Josh Marshall just linked (with probable great personal satisfaction on his part) to these polls done by The Pew Research Center and Newsweek and displayed their "Bush bad, m'kay" meme in that nice bold color he uses for links. Yet do they actually mean anything in the great scheme of things?

Not really. Anything that has the name Bush in a survey (unless it's asking about Brother Jeb down Florida way) will pretty much have zero effects from now until after he finishes off this (thank every known Diety in the Universe) last term of his Presidency. Bush 43 has lame-ducked himself into the Sea of Oblivion, with Democrats simply dismissing him as a bad mirage and the GOP sharks circling in anticipation of the day after Election Day, 2006, when pretty much everyone can finally stop bowing and scraping to him.

But those Pew numbers aren't completely useless. Here is the section that really caught my eye, with emphases mine:
The deep and enduring differences over Bush's presidency are once again evident in attitudes toward government's response to the disaster. Fully 85% of Democrats and 71% of independents think the president could have done more to get aid to hurricane victims flowing more quickly. Republicans, on balance, feel the president did all he could to get relief efforts going, but even among his own partisans 40% say he could have done more.

Similarly, Democrats are much more critical than Republicans of the federal government's handling of the disaster. Roughly three-quarters of Democrats (76%) rate the federal government's efforts in this area as only fair or poor. Most Republicans (63%) give the federal government positive marks for its response to the hurricane.
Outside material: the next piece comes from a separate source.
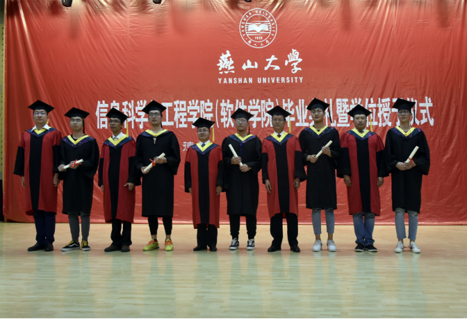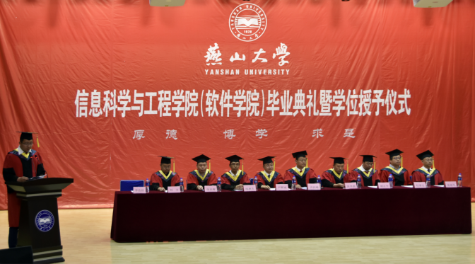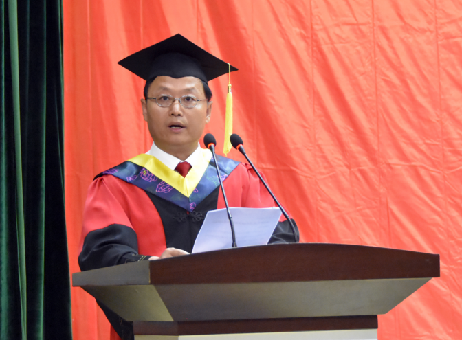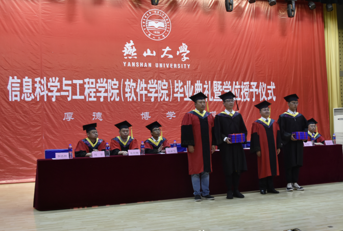 毕业典礼后,学位授予仪式正式开始,公司党委书记卢辉斌、副经理练秋生、副经理齐跃峰、党委副书记陈革新、副处级辅导员李浩然共同为毕业生授予学位。
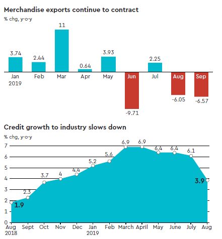 Various indicators show that the economic slowdown is deeper than expected, and a sustained recovery may take several more quarters unless demand revives. Industrial production contracted 1.1% in August, the worst performance in almost seven years. Demand for consumer goods in rural India has recorded its worst performance in the last seven years and car sales have collapsed for 11 months in a row.

More than half of Democrats (56%) say they feel less confident in the government's ability to handle a major terrorist attack as a result of this crisis. A 65% majority of Republicans say the government's response to Katrina had no effect on their views on this issue.
Did you catch those bits? This is the telling portion of the entire article, from what I can see. Any time the leader of the party only has 6 out of 10 from his base in support on any issue, that party is going to change leadership, or at least direction, very quickly. And without that broad base of screaming fans, the relationship with independents gets even more important, but with a 71% negative (even if only on this single issue), it doesn't look like they are getting on board.

The Bush Trust is finally in serious trouble. I just wish it wouldn't have taken a hurricane combined with massive loss of life, property, and happiness, not to mention the destruction of a good chunk of an American city, to make it happen.